The Icelandic Met Office (IMO), who monitor volcanoes in the country, have been reporting increased seismic activity around the Barðarbunga volcano in Iceland since 16 August.

That activity continued with a small fissure eruption being observed some distance from the volcano in the early hours of Friday (29 August). This led to the IMO raising their ‘aviation colour code’ for the Barðarbunga volcano to Red for a few hours.

This has now been lowered back to Orange after further study of the area revealed the eruption is small and activity is decreasing, with no ash emitted. Under the IMO’s codes, Orange means ‘Volcano shows heightened or escalating unrest with increased potential of eruption’.
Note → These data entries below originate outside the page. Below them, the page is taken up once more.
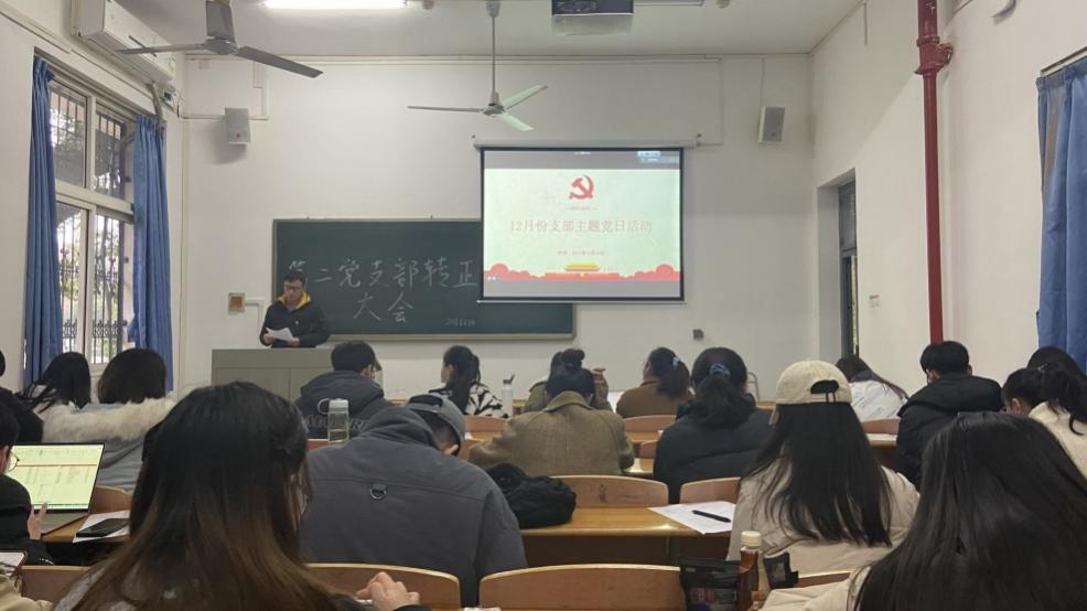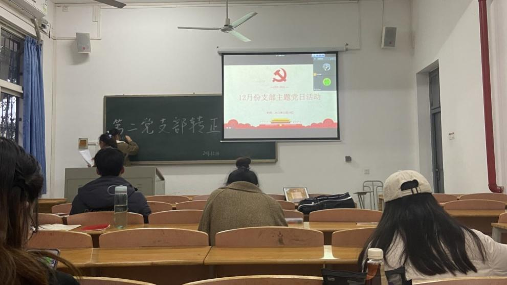 2021级研究生第二党支部于2021年12月14日18:00在一教105开展了12月份的“支部主题党日”活动暨预备党员转正大会。
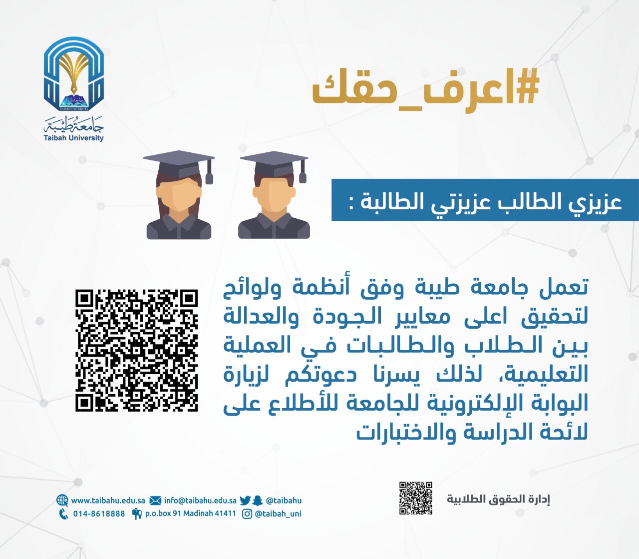 جامعة طيبة طلاب البوابة الالكترونية. شروط استخدام الخدمة. النماذج الإلكترونية طلاب طالبات الصفحة الرئيسية للجامعة. منظومة سحابية تساهم في دعم مسيرة التقنية في وزارة التعليم وتهدف لتوفير خدمات إلكترونية كاملة آلية وآنية لدعم مؤسسات التعليم العالي السعودية سواء حكومية أو أهلية ومنتسبيها من طلاب وموظفين وأعضاء. خدمات بوابة الطالب الإلكترونية.
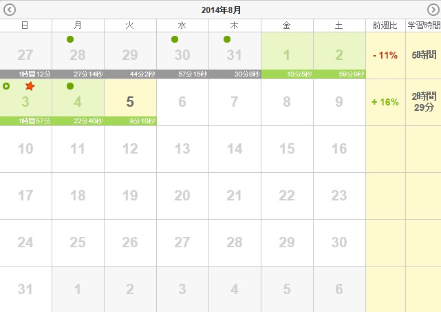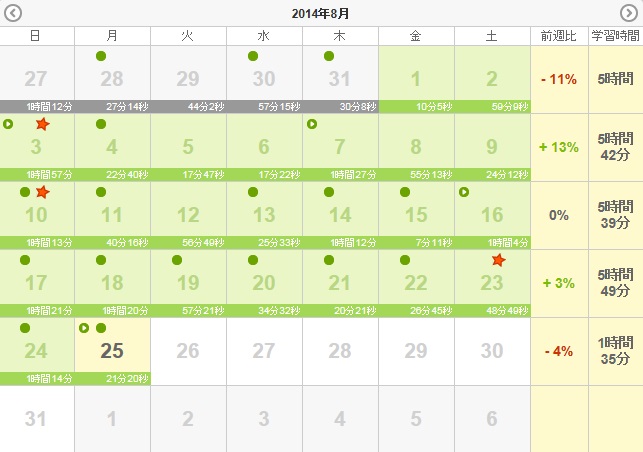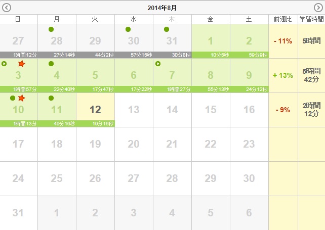人気blogランキングへ涼しくなった後の暑さは体に堪える。幸い、仕事は平和。さっさと帰ろう。無駄に残る必要は無い。8月11日(月):ラジオ50分・聞き流し80分8月12日(火):ラジオ75分・聞き流し80分8月13日(水):ラジオ45分・聞き流し80分8月14日(木):ラジオ60分・聞き流し80分8月15日(金):ラジオ25分・聞き流し80分8月16日(土):ラジオ50分・予習復習30分・試験用60分8月17日(日):ラジオ55分・予習復習30分小計:880分+Y339分=1219分累計:1219分+6417分=7636分※今までの総計15295分(2013年11月~2月)+5043分(2月~3月)+4933分(3月~4月)+8072分(4月~5月)+7919分(5月~7月)=41262分

The volcanic activity has been variable, with the IMO colour code being briefly Red for Barðarbunga on 29 August and also on 23 August before being downgraded back to Orange.

Another nearby volcano, Askja, is currently Yellow on the IMO code, which means ‘Volcano is exhibiting signs of elevated unrest above known background level’.

The IMO will be continually monitoring the region for any further changes – you can see their latest updates on their website.

The Met Office, as one of nine Volcanic Ash Advisory Centres (VAAC) around the world, will continue to keep in close contact with the IMO. The Met Office has responsibility for forecasting the dispersion of ash originating from volcanic eruptions in the North East Atlantic, primarily in Iceland.

The volcanic ash forecasts are used by airlines, the CAA (Civil Aviation Authority) and NATS (National Air Traffic Services) in the UK, as well as aviation organisations around the world, to make decisions on airspace flight management.

Advice will be issued once ash is released into the atmosphere by an eruption and this can be seen on the Met Office’s VAAC pages on our website.

Because the dispersal of any ash would heavily depend on the type and extent of eruption, as well as the prevailing weather and atmospheric conditions at the time, we can’t provide any speculation on where ash may go. If an eruption occurs that releases ash our advice on potential dispersal will be available on our website.

The Met Office will continue to stay in regular contact with the IMO and will keep the CAA fully informed as the UK’s aviation regulator as well as other stakeholders in the UK and abroad.